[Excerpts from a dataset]
***
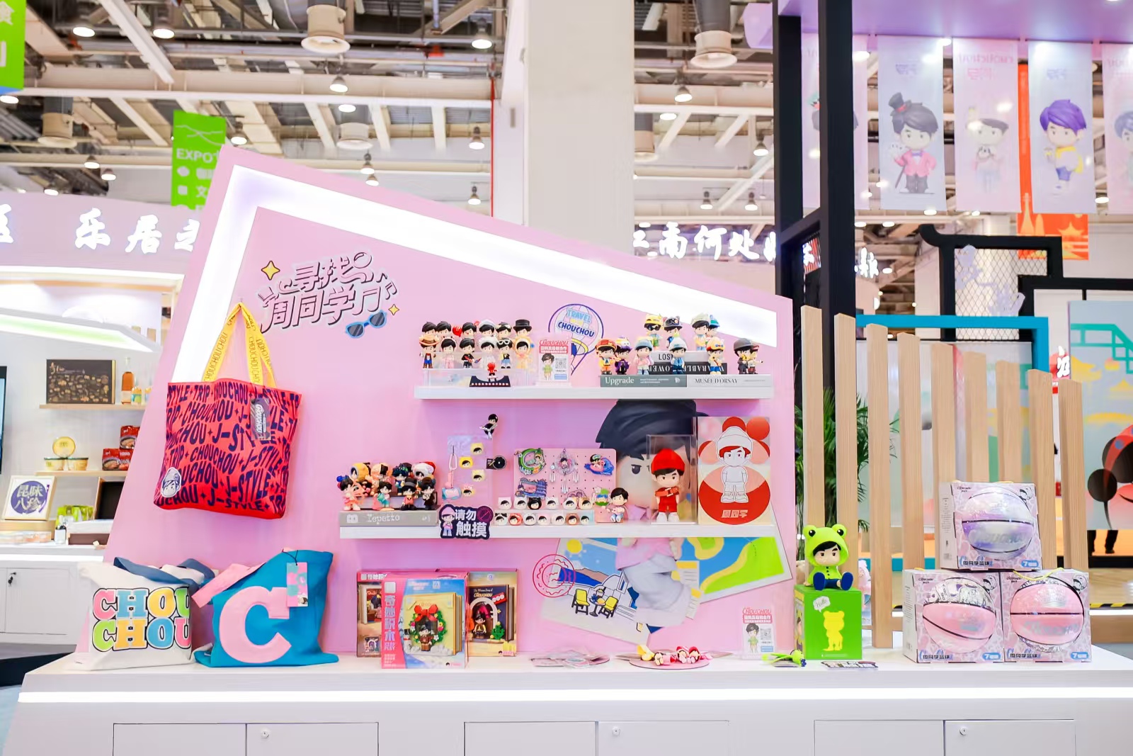 在展会内容方面,巨星传奇通过“室内展馆+户外市集”双线联动的模式,系统展示其IP产品矩阵。室内展区集中呈现了包括自营及授权潮玩、上海网球大师赛联名系列、CHOUCHOU黑标产品线,以及上海博物馆联名文创在内的多维度IP衍生品。
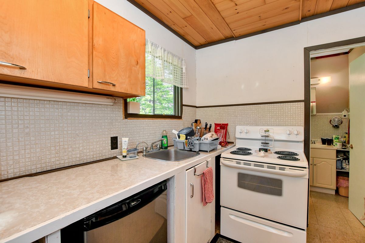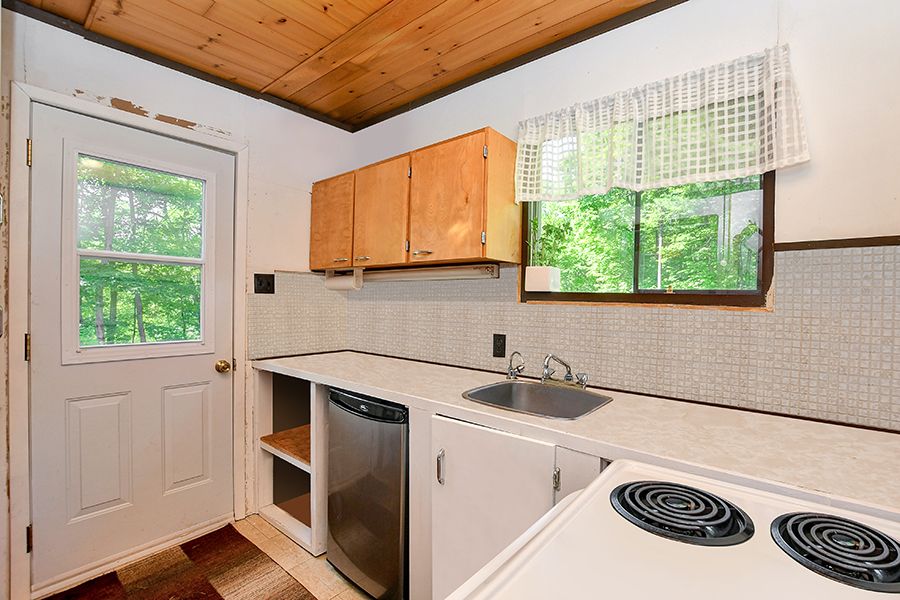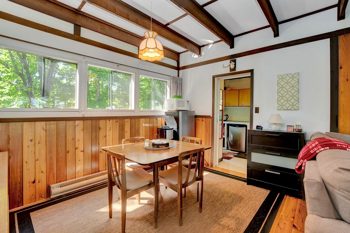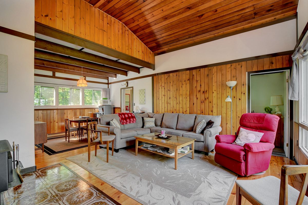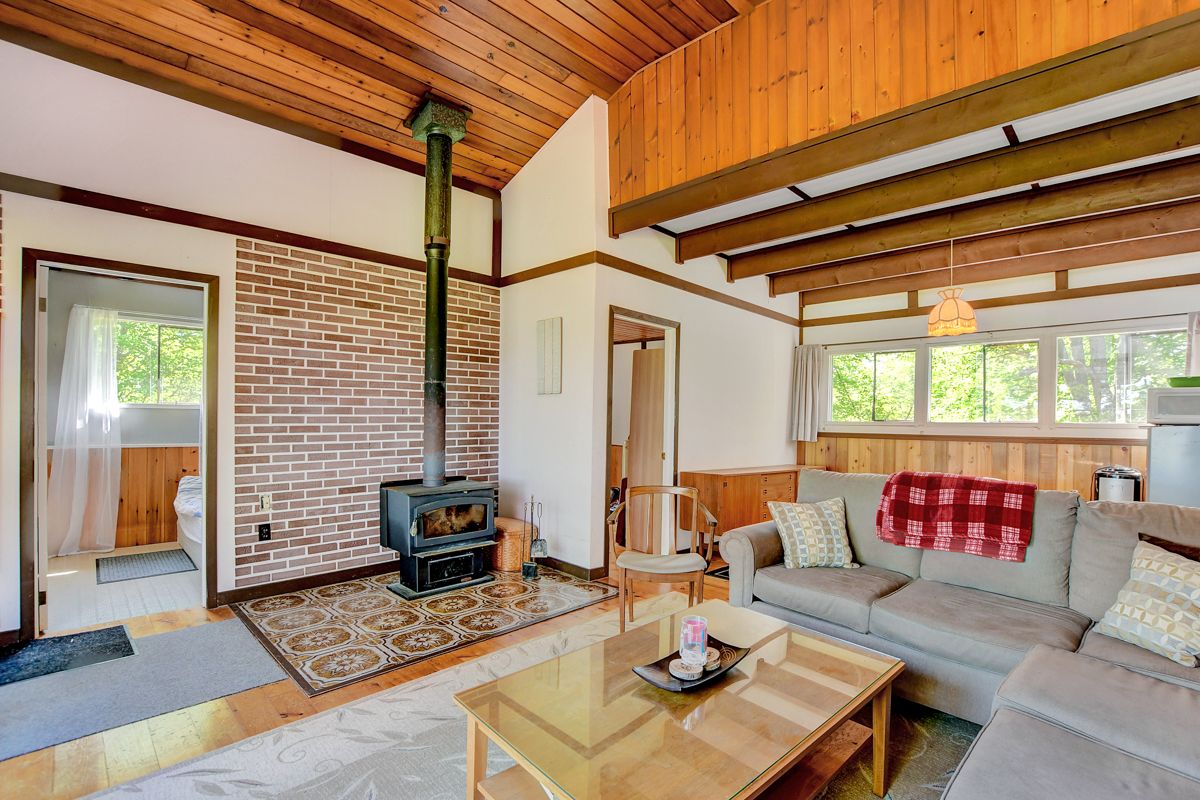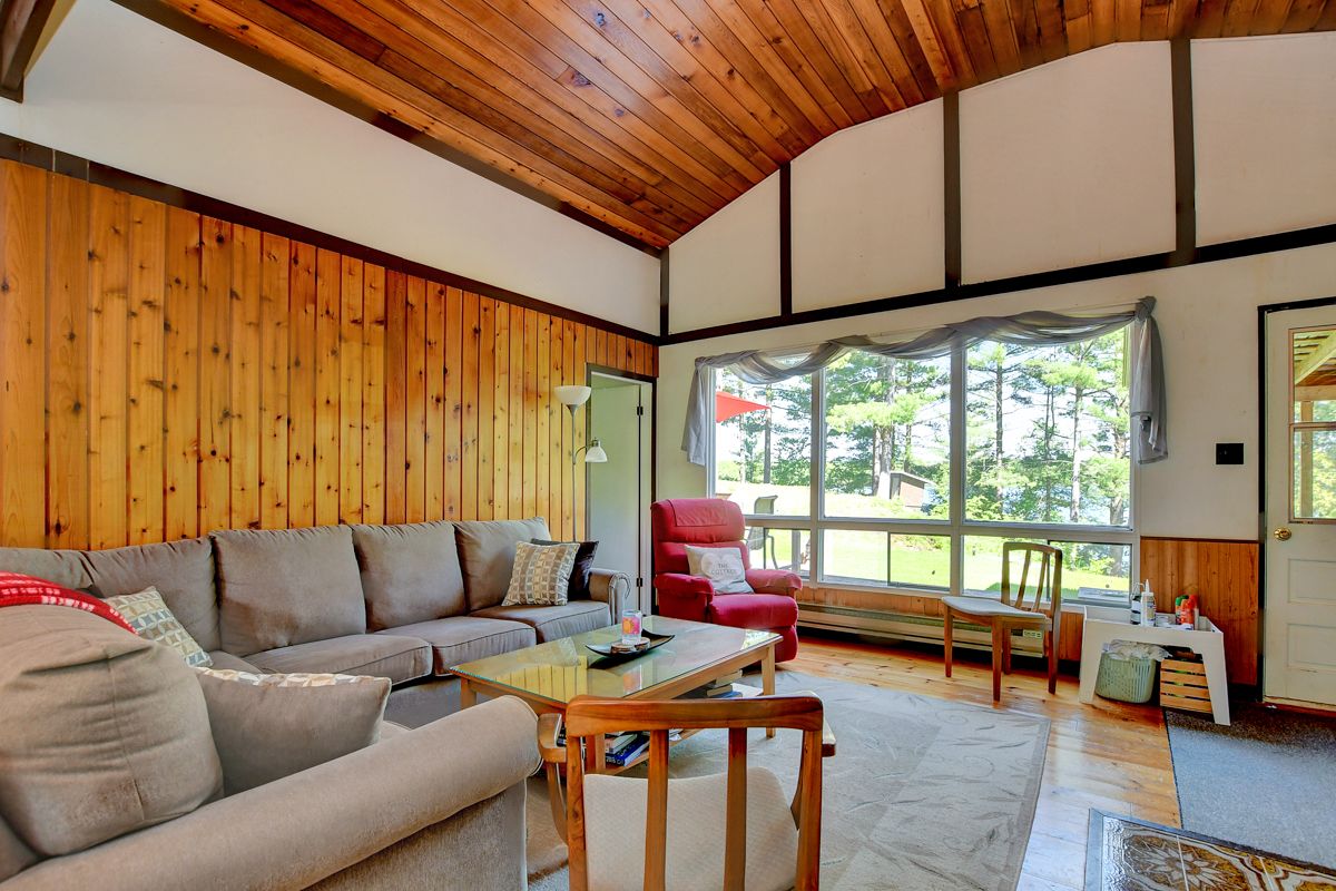 • Rustic three-season cottage with tongue and groove pine ceilings.
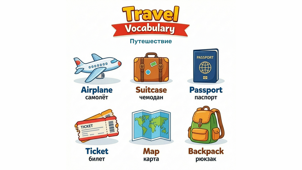 Полезные английские слова из категории Путешествие! 🔸 Airplane [ 'ɛr,pleɪn ] – самолёт 🔸 Suitcase [ 'sut,keɪs ] – чемодан 🔸 Passport [ 'pæ,spɔrt ] – паспорт 🔸 Ticket [ 'tɪkət ] – билет 🔸 Map [ mæp ] – карта 🔸 Backpack [ 'bæk,pæk ] – рюкзак Если понравилось, поставьте 👍 и напишите пару слов в комментариях – это лучшая мотивация делать полезный контент ❤️ Также подписывайтесь на наши каналы, где учить английский ещё удобнее: Телеграм - https://t.me/play_en ВКонтакте - https://vk.com/playen
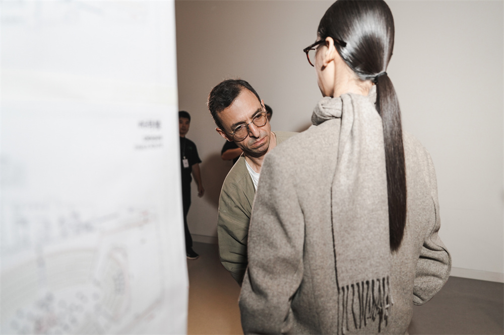 江南布衣特别邀请西班牙当代艺术家felipe pantone,为秀场打造了巨型艺术装置——《多维色彩动力学》(chromadynamica dimensional) 。felipe pantone受当代数字社会的速度与美学的启发,结合几何形状、像素化等数字化视觉美学,恢复数字时代下所生成图像的触觉价值。他本次创作的大型互动公共装置以构成“无限”的圆为灵感,采用多种耐用材料,呈现出精致工艺和现代感,结合此次江南布衣三十周年“生于独到,立于多元”的主题,felipe pantone通过色彩渐变的位移创造出丰富的感官体验,让色彩自由碰撞,敞开未来的无限可能性,更通过观众的互动参与,增强了艺术与公众之间的联结。
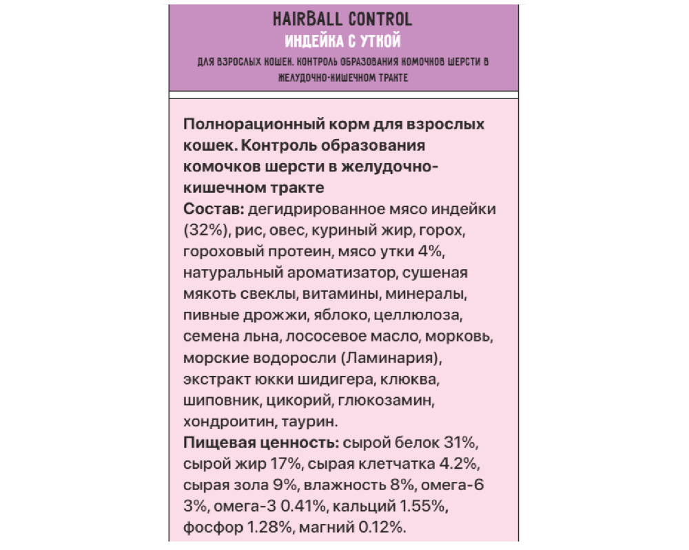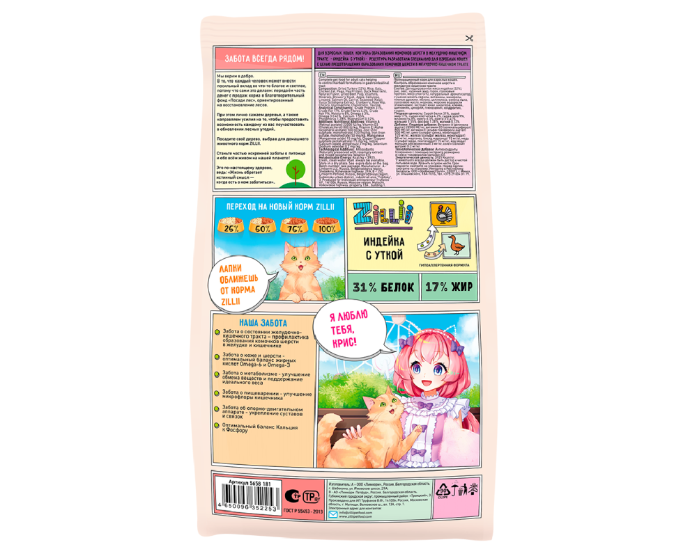 Состав полнорационного корма ZILLII HAIRBALL CONTROL способствует профилактике образования комочков шерсти в желудочно-кишечном тракте кошки. Различные типы клетчатки стимулируют естественный кишечный транзит. В результате чего, ежедневно попадающая в желудочно-кишечный тракт шерсть выводится из организма естественным образом, что и препятствует формирование комочков в ЖКТ у животного. Рецептура ZILLII HAIRBALL CONTROL учитывает все особенности организма кошки, так как изготовлена на основе дегидрированного мяса индейки и свежего мяса утки. Индейка, являясь диетическим мясом, обладает прекрасной усвояемостью и содержанием питательных веществ. Польза индейки в том, что ее мясо содержит в большом количестве такие витамины, как А и Е, а утиное мясо – витамины А, Е, К, В. При этом, в составе мяса утки в два раза больше витамина А, чем в любом другом виде мяса. Польза этого витамина в том, что он помогает улучшить состояние кожи и благотворно влияет на зрение. Полезные свойства утиного мяса также в его насыщенности белком. Утка является наиболее богатым источником незаменимых аминокислот. Формула ZILLII HAIRBALL CONTROL Turkey with Duck содержит оптимальное количество жиров.
***
» WORK REQUIRED: With pictures removed, write out exactly each line of the entries from the first through the line that holds "Полезные английские слова".

» OUTPUT BELOW:
 在展会内容方面,巨星传奇通过“室内展馆+户外市集”双线联动的模式,系统展示其IP产品矩阵。室内展区集中呈现了包括自营及授权潮玩、上海网球大师赛联名系列、CHOUCHOU黑标产品线,以及上海博物馆联名文创在内的多维度IP衍生品。
 • Rustic three-season cottage with tongue and groove pine ceilings.
 Полезные английские слова из категории Путешествие! 🔸 Airplane [ 'ɛr,pleɪn ] – самолёт 🔸 Suitcase [ 'sut,keɪs ] – чемодан 🔸 Passport [ 'pæ,spɔrt ] – паспорт 🔸 Ticket [ 'tɪkət ] – билет 🔸 Map [ mæp ] – карта 🔸 Backpack [ 'bæk,pæk ] – рюкзак Если понравилось, поставьте 👍 и напишите пару слов в комментариях – это лучшая мотивация делать полезный контент ❤️ Также подписывайтесь на наши каналы, где учить английский ещё удобнее: Телеграм - https://t.me/play_en ВКонтакте - https://vk.com/playen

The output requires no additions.